Overcoming Adversity

The constraints caused by war, civil strife and natural disasters make it more difficult to manage effective programs. Yet the populations affected by these calamities are particularly vulnerable to HIV/AIDS due to displacement, disruption of families and lack of access to services. Program managers need to identify and document strategies for overcoming such constraints and implementing effective prevention programs.

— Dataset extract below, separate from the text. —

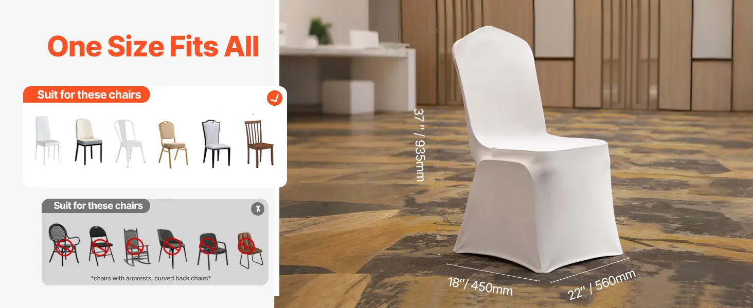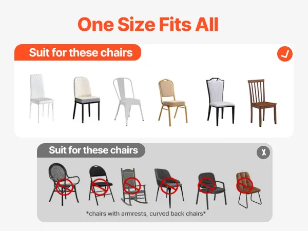 Compatibilidad con varias sillas: Las fundas plegables de spandex elástico tienen un tamaño moderado y se adaptan a la mayoría de las sillas sin reposabrazos, incluyendo sillas de comedor, apilables y de banquete. Se adaptan a sillas de dimensiones (An. x Pr. x Al.): 560 x 450 x 935 mm (máx.).

Linking Prevention and Development

Building stronger linkages between HIV/AIDS programs and other development programs would make HIV/AIDS interventions more sustainable and enable them to address many of the social, structural, environmental and economic factors that influence sexual risk behavior. Governments, NGO coalitions, donors and other international organizations need to establish formal mechanisms for encouraging collaboration among people and organizations working in various development sectors.

Sustaining Prevention and Care

Perhaps the greatest challenge facing those who manage and support HIV/AIDS programs is sustainability. Stronger partnerships between donors, governments, NGOs and the private sector are needed to help sustain HIV/AIDS programs. Fostering greater community ownership of programs would also increase their sustainability by reducing dependence on outside donors.